Instructions to follow:
Apart from the pictures, reproduce the data below exactly as it stands.

------------

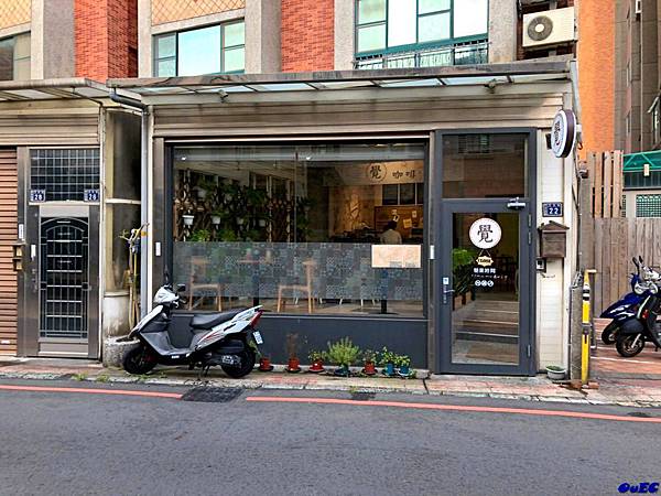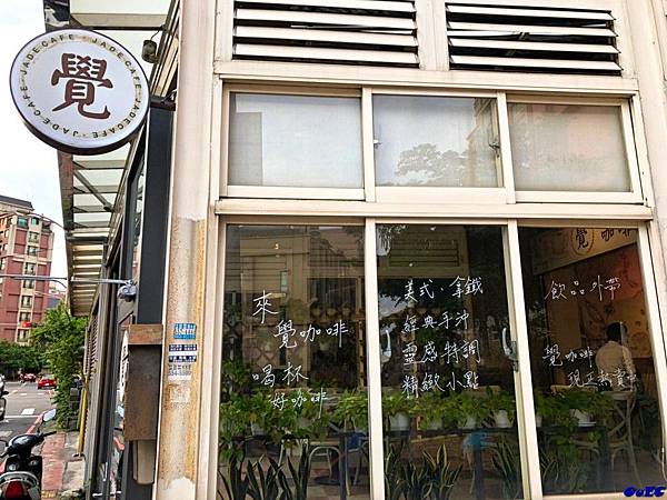 ♨在巷弄中的"覺咖啡 Jade Cafe"不算特別顯眼,透明的玻璃窗隱約可以看到內部裝潢。
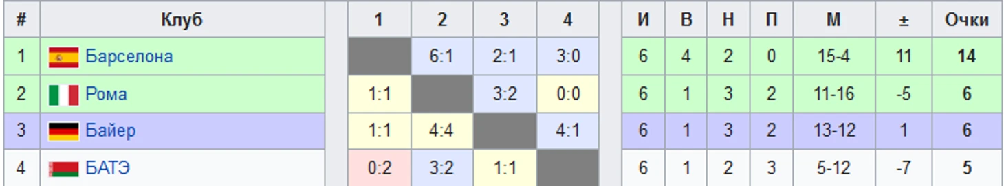 Спустя 2 года похожий путь прошла “Рома”. В этот раз в виде безоговорочного доминатора группы выступала “Барселона”, а римляне, “Байер” и “БАТЭ” решали кто из них станет вторым. В более выгодную позицию себя поставили итальянцы и немцы, забрав по очку в домашних матчах с каталонцами (кстати это была та самая игра “Байер” - “Барселона”, где Василий Уткин уснул во время репортажа). А в личных разборках “волки” сыграли фееричные 4-4 в Леверкузене, а на “Олимпико” дожали “аспириновых” 3-2. В итоге все те же 6 очков с разницей мячей в минус 5 и да здравствует плей-офф с повторением антирекорда “Зенита”.
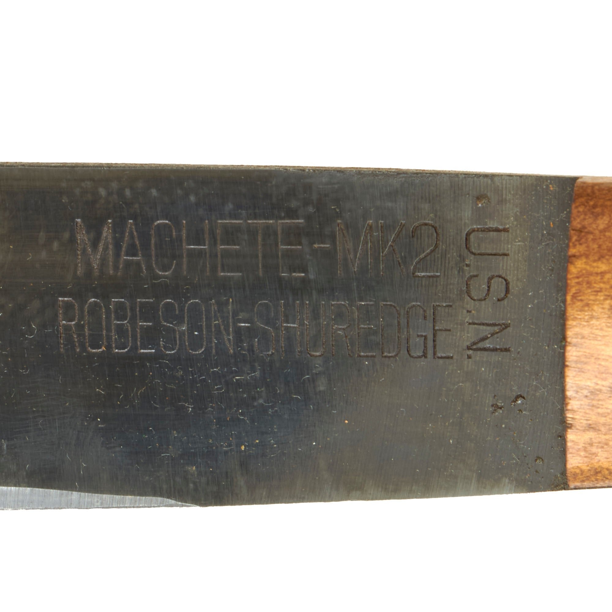 Original Items: Only one available. These long machetes are extremely rare on today's market, especially in such amazing condition, with their original scabbards. Made by Robeson-Shuredge, this is a long jungle machete. The Machete has an impressive overall length of 27 1/2 inches, with a slightly curved 22 inch Bush/Collins machete shape blade. The blade is about 2 1/4 inches wide at the thickest point. The ricasso is nicely marked:
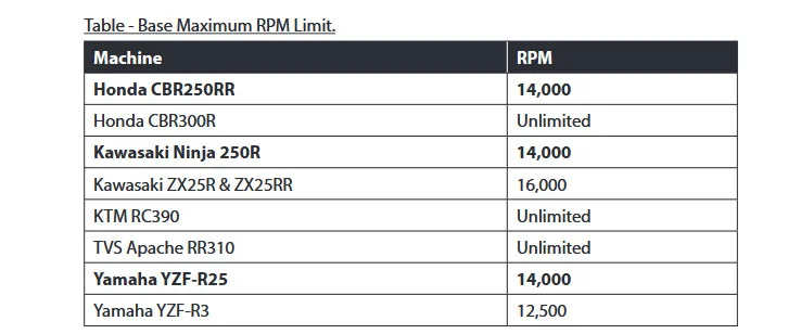 Hal yang mengalami update selanjutnya adalah limit raungan mesin maksimum (base RPM max limit) dimana Demi Sekalian mesin 250cc berkonfigurasi twin (CBR250RR, Ninja 250 dan R25) naik 500rpm dan kini dipatok sama pada Nomor 14.000rpm. Sementara itu Demi motor lain sama seperti tahun Lewat termasuk RPM un-limited Demi motor motor bermesin 1 silinder. – @liputanindo
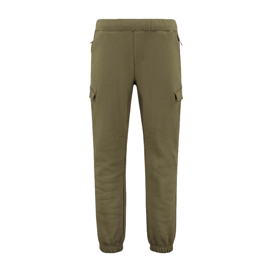 60%/40% Pamut-Polyester-Fleece, 320g/m2, zipzáros zsebek, cargo zsebek, elasztikus nadrág kötő spárgával, fekete zsebek tépőzárral.
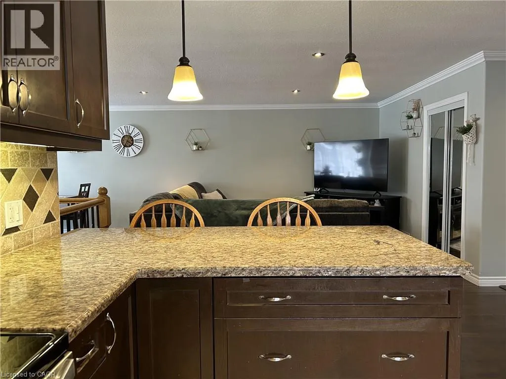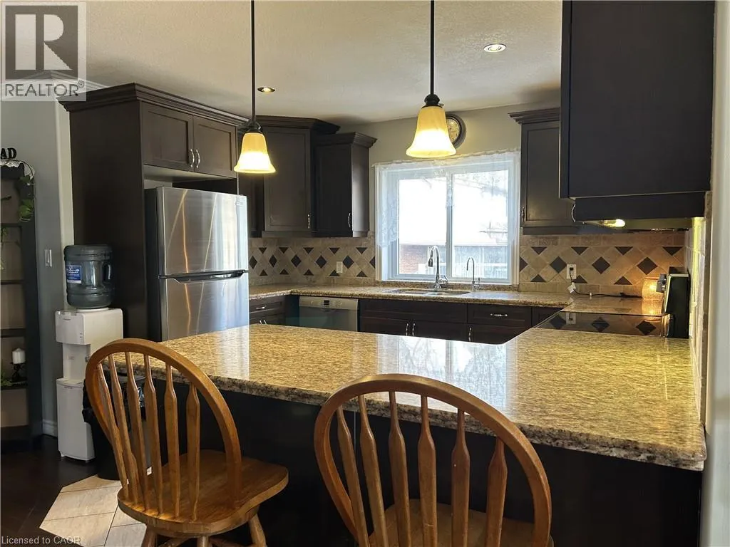 Norfolk St S. to Victoria St E to Homewood Ave Welcome to 1-8 Homewood Ave in Simcoe! This impressive all-brick end-unit townhouse has over 2,000 sq ft of living space....and best of all....NO CONDO FEES. Step inside to an open-concept main floor featuring tile and hardwood flooring throughout. The kitchen is both stylish and functional, showcasing granite counter tops, stainless steel appliances, under-cabinet lighting, and plenty of counter space â ideal for entertaining or everyday living. Two spacious bedrooms including one with sliding doors, giving you access to a walk out deck. A 4-piece bathroom and indoor access to the single car garage completes the main floor. The finished lower level has a recreation room with walk-out to the backyard, an additional bedroom, 3-piece bathroom, laundry room, and a versatile bonus room perfect for a fourth bedroom, home office, or fitness space. Complete with a fully fenced yard, concrete driveway and plenty of room for storage. Perfect for first time home buyers or those looking to downsize. (id:27476)
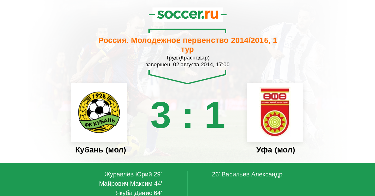 Кубань (мол) - Уфа (мол): обзор матча 2 августа 2014
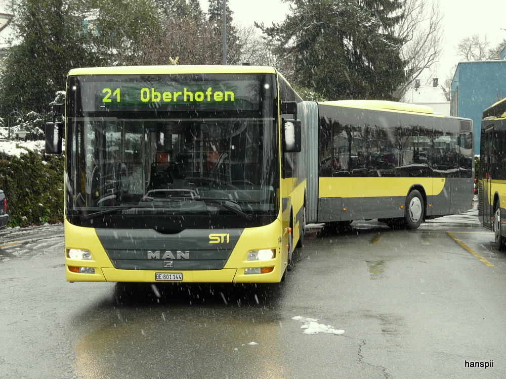 STI - MAN Lion`s City Nr.144 BE 801144 unterwegs auf der Linie 21 in Thun am 30.11.2012
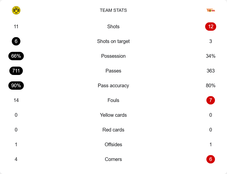 ตัวเลขชี้ชัดถึงความเหนือชั้นของเสือเหลือง ครองบอลถึง 66% ต่อ 34% ของยูเนี่ยน จ่ายบอล 711 ครั้ง ความแม่นยำสูงถึง 90% ขณะที่ทีมเยือนจ่ายเพียง 363 ครั้ง แม่นยำ 80% แม้ยูเนี่ยนยิงมากกว่า 12 ครั้งต่อ 11 แต่ยิงตรงกรอบเพียง 3 ครั้ง ขณะที่ดอร์ทมุนด์ยิงเข้ากรอบ 6 ครั้งและเปลี่ยนเป็น 3 ประตูเต็มๆ เกมนี้ฟาวล์ค่อนข้างเยอะรวม 21 ครั้ง แต่ไม่มีใบเหลืองหรือใบแดงออกมา เตะมุมยูเนี่ยนได้มากกว่า 6 ครั้ง แต่ไม่สามารถเปลี่ยนเป็นสกอร์ได้เลย

------------

Solution to the exercise:
 ♨在巷弄中的"覺咖啡 Jade Cafe"不算特別顯眼,透明的玻璃窗隱約可以看到內部裝潢。
 Спустя 2 года похожий путь прошла “Рома”. В этот раз в виде безоговорочного доминатора группы выступала “Барселона”, а римляне, “Байер” и “БАТЭ” решали кто из них станет вторым. В более выгодную позицию себя поставили итальянцы и немцы, забрав по очку в домашних матчах с каталонцами (кстати это была та самая игра “Байер” - “Барселона”, где Василий Уткин уснул во время репортажа). А в личных разборках “волки” сыграли фееричные 4-4 в Леверкузене, а на “Олимпико” дожали “аспириновых” 3-2. В итоге все те же 6 очков с разницей мячей в минус 5 и да здравствует плей-офф с повторением антирекорда “Зенита”.
 Original Items: Only one available. These long machetes are extremely rare on today's market, especially in such amazing condition, with their original scabbards. Made by Robeson-Shuredge, this is a long jungle machete. The Machete has an impressive overall length of 27 1/2 inches, with a slightly curved 22 inch Bush/Collins machete shape blade. The blade is about 2 1/4 inches wide at the thickest point. The ricasso is nicely marked:
 Hal yang mengalami update selanjutnya adalah limit raungan mesin maksimum (base RPM max limit) dimana Demi Sekalian mesin 250cc berkonfigurasi twin (CBR250RR, Ninja 250 dan R25) naik 500rpm dan kini dipatok sama pada Nomor 14.000rpm. Sementara itu Demi motor lain sama seperti tahun Lewat termasuk RPM un-limited Demi motor motor bermesin 1 silinder. – @liputanindo
 60%/40% Pamut-Polyester-Fleece, 320g/m2, zipzáros zsebek, cargo zsebek, elasztikus nadrág kötő spárgával, fekete zsebek tépőzárral.
 Norfolk St S. to Victoria St E to Homewood Ave Welcome to 1-8 Homewood Ave in Simcoe! This impressive all-brick end-unit townhouse has over 2,000 sq ft of living space....and best of all....NO CONDO FEES. Step inside to an open-concept main floor featuring tile and hardwood flooring throughout. The kitchen is both stylish and functional, showcasing granite counter tops, stainless steel appliances, under-cabinet lighting, and plenty of counter space â ideal for entertaining or everyday living. Two spacious bedrooms including one with sliding doors, giving you access to a walk out deck. A 4-piece bathroom and indoor access to the single car garage completes the main floor. The finished lower level has a recreation room with walk-out to the backyard, an additional bedroom, 3-piece bathroom, laundry room, and a versatile bonus room perfect for a fourth bedroom, home office, or fitness space. Complete with a fully fenced yard, concrete driveway and plenty of room for storage. Perfect for first time home buyers or those looking to downsize. (id:27476)
 Кубань (мол) - Уфа (мол): обзор матча 2 августа 2014
 STI - MAN Lion`s City Nr.144 BE 801144 unterwegs auf der Linie 21 in Thun am 30.11.2012
 ตัวเลขชี้ชัดถึงความเหนือชั้นของเสือเหลือง ครองบอลถึง 66% ต่อ 34% ของยูเนี่ยน จ่ายบอล 711 ครั้ง ความแม่นยำสูงถึง 90% ขณะที่ทีมเยือนจ่ายเพียง 363 ครั้ง แม่นยำ 80% แม้ยูเนี่ยนยิงมากกว่า 12 ครั้งต่อ 11 แต่ยิงตรงกรอบเพียง 3 ครั้ง ขณะที่ดอร์ทมุนด์ยิงเข้ากรอบ 6 ครั้งและเปลี่ยนเป็น 3 ประตูเต็มๆ เกมนี้ฟาวล์ค่อนข้างเยอะรวม 21 ครั้ง แต่ไม่มีใบเหลืองหรือใบแดงออกมา เตะมุมยูเนี่ยนได้มากกว่า 6 ครั้ง แต่ไม่สามารถเปลี่ยนเป็นสกอร์ได้เลย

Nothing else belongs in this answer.